Rowe then delved into his own psyche, wrestling with his presumed connection to the Las Vegas mass shooter, Stephen Paddock, trying to reason with having walked the same halls and, perhaps, even stayed in the same room.

“As people were being murdered in the most cowardly way imaginable, by a creature I can barely think of as human, I lay in my bed at home, stunned and horrified – wondering if I had stood in the same box and pushed the same buttons as the man now destroying countless lives and families,” Rowe wrote. “Since I’ve ridden all the elevators at Mandalay, I determined that the answer was yes.”

“I then wondered if the killer and I had shared the same barstool in the lobby? Had we swam in the same pool, or chatted up the same bellman, or played a hand of blackjack at the same table? Had we slept in the same bed?”

It turns out that it’s very possible: Rowe says he stayed on Mandalay Bay’s 32nd floor, in one of the King Panoramic suites, which offers a wall of windows with a sweeping view of the strip. It was the same view Paddock requested, so that he could get a clear line of sight to the country music festival below.

“I remember looking down at the sprawling, empty space 300 feet below my window,” he continued. “The same sprawling space that was recently filled with thousands of people having a good time, right up until they weren’t, courtesy of a monster.”

He was struck, he said, by “how unknowingly we rub elbows with evil.”

“They look just like us. And so we dine with them in restaurants, unknowingly. We walk by them in shopping malls, sit next to them in theaters, and maybe even hold the door for them as they smile and nod in thanks.”

Rowe then turned to the city of Las Vegas, in the hopes of offering some solace in the midst of a devastating tragedy that has now rocked a city to its core. He encouraged his fans to see the good in the people that ran to the rescue, and those who selflessly gave their own lives to protect their friends and family members.

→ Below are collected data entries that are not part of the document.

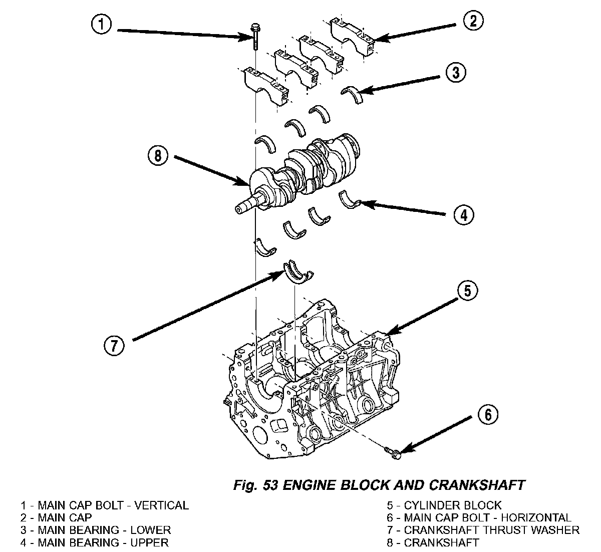 The cylinder block (Fig. 53) is made of heat treated aluminum with cast-in-place iron liners. The block is a closed deck design with the right bank forward. To provide high rigidity and improved NVH, the block has cast-in contours and ribs, along with powdered metal 6 bolt main caps (4 vertical, 2 horizontal), with a die cast aluminum structural beam windage tray mounted to the main caps.
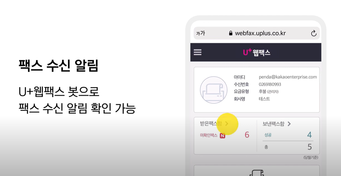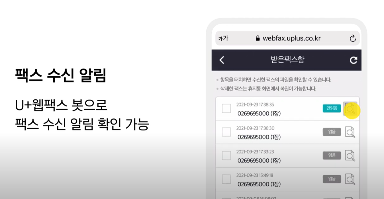 👏 U+웹팩스에서 받은 팩스 알림함으로 연결됩니다.
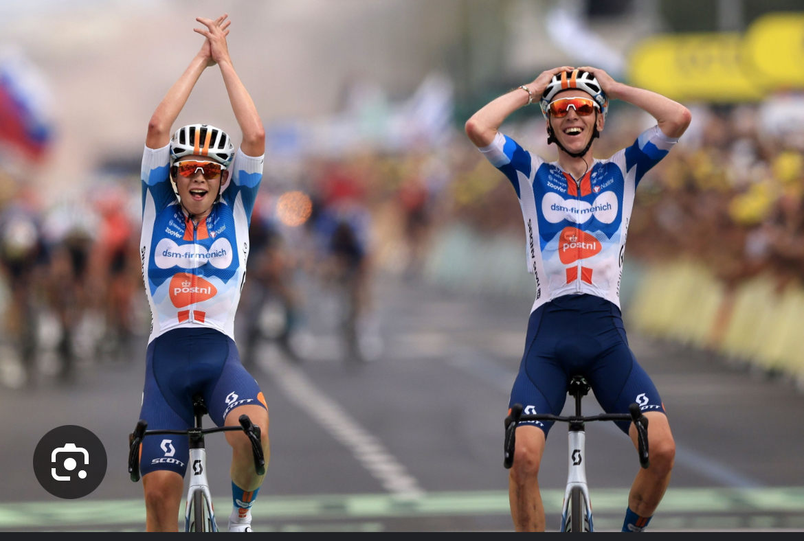 사이좋게 서로를 지켜주며 달리는 팀 DSM의 두 선수들.
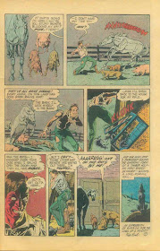 Nice Kaluta cover, but this is one of the rare occasions - because DC's early '70s covers usually had great colour choices - where the hues and intensities thereof actually fight for attention. Nothing is subordinated. Do we look at the shadowy figures in the moon first, or the lit window, or the group of animals at the left? Everything shouts 'look at me' and the result is confusion. I doubt it's Kaluta's fault, as the original art looks fine. It's the colouring.
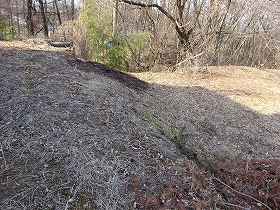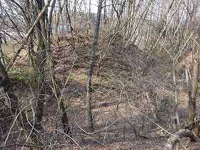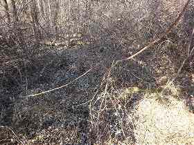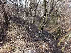 | 北側の堀切。天然の谷戸を利用しているのだろうが、かなり大規模なものである。 | 南側の堀切を挟んで、土塁状部分を見たところ。 |
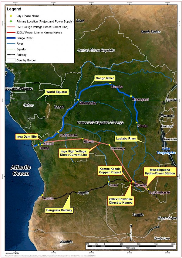 The map below shows the Inga andMwadingusha hydropower complexes, theInga high-voltage power line, the Kamoa-Kakula Project, the new 220-kV power line connecting Kamoa-Kakula to the national grid at Kolwezi, and the Benguela railway connecting the DRC to the Angolan port of Lobito.

“I’m sorry, Molly. I know these are not comforting words. The world is as uncertain as the people in it, and we share this rock with some very uncertain folks. But we also share it with living proof that hope will never die. Take comfort in men who threw themselves over other people’s children. They are no less real than the killer, and they are still with us. Take comfort in the woman who loaded wounded strangers into her car and drove them out of harm’s way. Take comfort in the hundreds of first responders who risk their lives every day, and the hundreds of anonymous citizens who stood in line to give their blood. Take comfort in the fact all good people are shattered, and that you are not alone.”

“There are no words, Molly, at least in my vocabulary, to bring you the comfort you seek,” Rowe went on. “But there are people among us who restore my faith in the species, even as others seek to rob me of it. I can introduce you to those people. That’s what I’ve tried to do with my little slice of cyber space, and that’s what I can do today. The same thing I do every Tuesday.”

Towards the end, Rowe reminded his fans of an episode of Dirty Jobs that he spent with a woman named “Ginger,” who, along with a group of fellow aunts and grandmothers, travels around the country serving soup to first responders who are helping around the clock in a tragedy. He used Ginger’s story to remind his fans that while tragedy is often a reminder of the worst in people, it’s also often a reminder that there is incredible good in humanity.